Questions

Use the data of your own. Produce the following types of plots and comment on each plot. Plots should be meaningful. If you use the data we used in class, make sure the plots are not the same as the ones in the slides.

# Bringing in and preparing the data from Assignment 5
library(tidyverse)
df <- read_csv('titanic.csv')
df$Cabin <- NULL
df$Age <- replace_na(df$Age, mean(df$Age, na.rm = TRUE))
table(df$Embarked)
## 
##   C   Q   S 
## 168  77 644
df$Embarked <- replace_na(df$Embarked, 'S')

  1. For one continuous variable:
ggplot(df) + geom_density(mapping = aes(x = Age))

# This plot shows that the concentration of Age is at about 30 years old
ggplot(df) + geom_histogram(mapping = aes(x = Fare))

# The fare for the tickets does not have a very wide range, with the exception of a few outliers. The majority of people paid less than $100 (or whatever currency this is in), which makes sense for the time that the Titanic voyage happened. 
df %>% 
  filter(Age < 50) %>% 
  ggplot() + geom_boxplot(mapping = aes(y = Age))

# This plot also shows the concentration of Age around 30 years old. Generally, the people on the Titanic were very young based on the data.

  1. For one categorical variable
df %>% 
  ggplot() + geom_bar(mapping = aes(x = Embarked))

# This plot shows the amount of people that embarked on the Titanic from each place. The vast majority of people embarked from Southampton.

  1. For two continuous variables
df %>% 
  filter(Fare < 300) %>% 
  ggplot() + geom_point(mapping = aes(x = Age, y = Fare, color = factor(Pclass)))

# This scatterplot maps a person's age versus their ticket fare.
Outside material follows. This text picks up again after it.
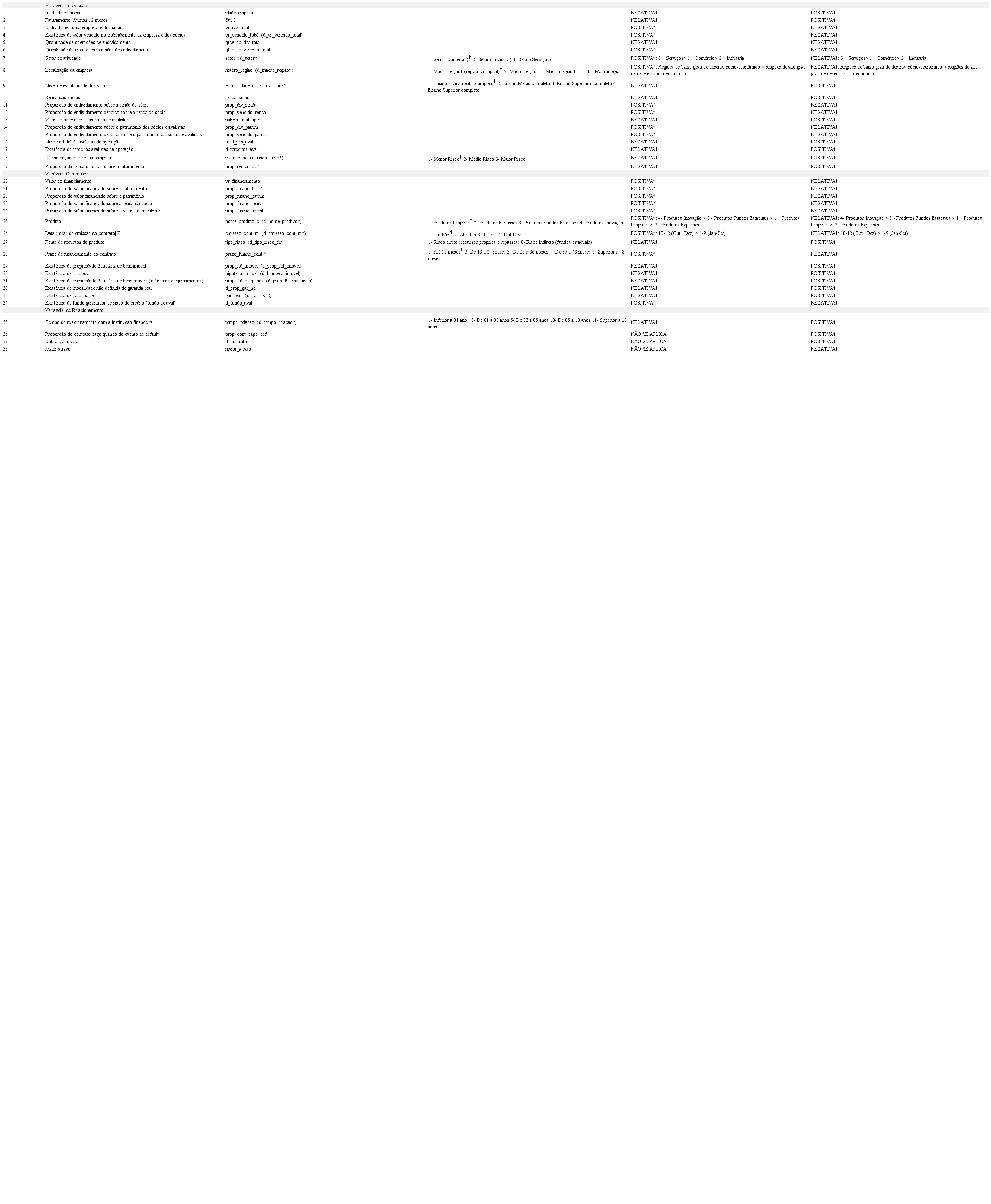Dentre as variáveis individuais identificadas e utilizadas em outros estudos teóricos e empíricos, destacam-se: (a) Idade da empresa (Bonfim, 2009; Bhimani et al., 2010; Camargos et al., 2012); (b) Tamanho da empresa (Bhimani et al., 2010; Fenech et al., 2016); (c) Faturamento (Grunert & Weber, 2009); (d) Setor (Acharya et al., 2007; Khieu et al., 2012; Belaid et al., 2017); (e) Localização da empresa (Camargos et al., 2012); (f) Endividamento da empresa (Khieu et al., 2012; Fenech et al., 2016); (g) Patrimônio da empresa e dos avalistas (Camargos et al., 2012); (h) Escolaridade dos sócios (Camargos et al., 2012); (i) Classificação de risco da empresa (Silva et al., 2009; Khieu et al., 2012).

It is also color coded by the class of the passenger. This plot confirms that the 1st class fare cost more money than the 2nd or 3rd class fare, and also shows that generally, younger people purchased lower class tickets. 
df %>% 
  filter(Age > 30) %>% 
  filter(Age < 50) %>% 
  group_by(Age,Sex) %>% 
  summarise(mean = mean(Survived)) %>% 
  ggplot() + geom_line(aes(x=Age,y=mean,color=Sex))

# This plot shows the mean chance of survival for the ages between 30 and 50, and also color codes by sex. This plot shows that women had a much higher chance of surviving overall no matter what age (with the exception of one outlier).
df %>% 
  filter(Sex == "male") %>% 
  group_by(Age) %>% 
  summarise(mean = mean(Survived)) %>% 
  ggplot() + geom_smooth(aes(x=Age,y=mean))

# This plot shows that the chance of survival for men was highest when they were under 20 or over 60, which makes sense given the evacuation rules on the Titanic.

  1. For one continuous + one categorical variables
df %>% 
  ggplot() + geom_density(mapping = aes(x = Age, color = factor(Pclass)))

# This plot shows that the concentration of people aboard were not only young, but also mostly having a third class ticket. The people in first class came from a wider age group than those in second and third class.
df %>% 
  filter(Fare < 200) %>% 
  group_by(Embarked) %>% 
  ggplot() + geom_boxplot(aes(x = Fare,y=Embarked))

# The fares were generally higher when the passenger was embarking from Cherbourg.

  1. For two categorical variables: barplot
df %>% 
  group_by(Sex,Embarked) %>% 
  summarise(mean = mean(Survived)) %>% 
  ggplot() + geom_col(aes(x=Sex,y=mean,fill=Embarked))

# This plot shows that women had a much greater chance of survival compared to men.Females came equally from each place where they embarked, whereas men were more concentrated in Cherbourg and Southampton.